Thats really helpful, thanks. :2thumb:

Is there a list of 'rodents' at all (I realise there's about 1500 of them lol) or do we just work from the a scientific species list. I know Shrews, moles, tenrec and hedgehogs are classed as insectivore..?

Cheers


----------



## fantapants (Jan 4, 2008)

i would like to know more about this too. I really want to go to Houten to buy some skinny pigs and rats but wondered what else i could bring back and what was off limits? also, i was told there is a limit to 5 animals....is that per species or total animals per person?


----------



## tarantulabarn (Apr 21, 2005)

No, the 5 limit is in relation to importing into the EU from out side (They have a list of EU approved countries in the fact sheets,) 

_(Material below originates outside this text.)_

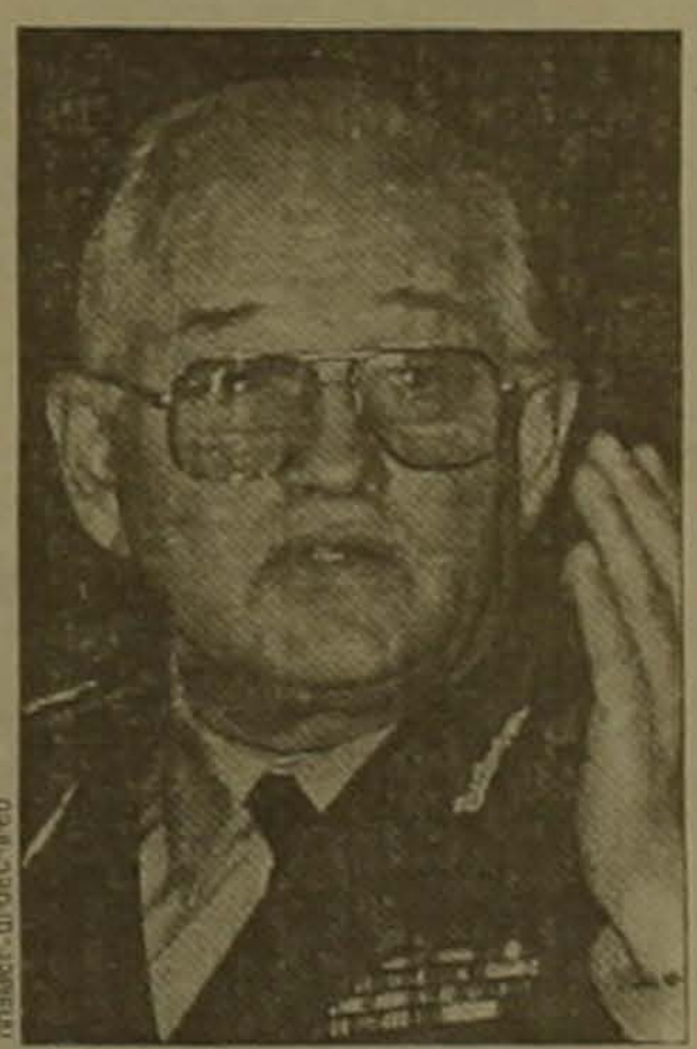
Վան Մասենադարան: Այցի երկօրյա օրը կսկսվի երկկողմ փաստաթղթերի ստորագրմամբ եւ մամուլի ասուլիսով Այնուհետեւ ՌԴ

Երեւոյի առավոտյան երկօրյա դաշնակցական այցով երեւան է ժամանում Ռուսաստանի Դաշնության ռազմաօդային նախարար ՌԴ մարշալ Իգոր Սերգենեն: Այս այցը նախատեսված էր հուլիսի 1-2-ին սակայն հետաձգվել էր մարշալի զբաղվածության եւ ՌԴ ռազմական այցանների գործունեությանը նրա մասնակցության դաշնառով:

There is no limit applied to personal pet imports with in the EU, but of course you may need to demonstrate that they are not for commercial use or you may get stung for VAT.


----------



## cacoonkitty (Aug 10, 2008)

call me a dim wit ........but i dont quite get it..can we bring things like hedgehogs and shrews back from hamm then?? ...without quarentine??? just bring them in the car on theway back home like we do ther reptiles??, without the need to inform them...surely not?? be good if we can as i soooo want to get some weird and wonderfull mamals from the german shows ..shrews and hedghogs and perhaps even a marmazett monkey...i saw these cuties advertized on the hamm website


----------



## oakelm (Jan 14, 2009)

cacoonkitty said:


> call me a dim wit ........but i dont quite get it..can we bring things like hedgehogs and shrews back from hamm then?? ...without quarentine??? just bring them in the car on theway back home like we do ther reptiles??, without the need to inform them...surely not?? be good if we can as i soooo want to get some weird and wonderfull mamals from the german shows ..shrews and hedghogs and perhaps even a marmazett monkey...i saw these cuties advertized on the hamm website


A screw is classed as a rodent so yes you can bring them back, never known one to make a good pet, small rodents can be brought back from within the EU without any issues such as fancy rats, fancy mice, harvest mice, spiny mice, gerboas, lemmings I think, and so on . But hedgehogs fall under different rules so they actually need to go into quarantine which must be arranged before you bring them back, but there are hedgehog breeders in the uk so probably best to source from over here. And a monkey requires quarantine plus for a guess cites documentation to prove origin, im not sure if they come under any extra licencing or not like some other species of ape. Pretty much a tonne of headache for a monkey if you really had your heart set on one you are probably better off buying from the uk or from a regular importer and looking into all the legalities of owning one, very specialist creatures with a lengthy life span.


----------



## tarantulabarn (Apr 21, 2005)

oakelm said:


> A screw is classed as a rodent so yes you can bring them back, never known one to make a good pet, small rodents can be brought back from within the EU without any issues such as fancy rats, fancy mice, harvest mice, spiny mice, gerboas, lemmings I think, and so on . But hedgehogs fall under different rules so they actually need to go into quarantine which must be arranged before you bring them back, but there are hedgehog breeders in the uk so probably best to source from over here. And a monkey requires quarantine plus for a guess cites documentation to prove origin, im not sure if they come under any extra licencing or not like some other species of ape. Pretty much a tonne of headache for a monkey if you really had your heart set on one you are probably better off buying from the uk or from a regular importer and looking into all the legalities of owning one, very specialist creatures with a lengthy life span.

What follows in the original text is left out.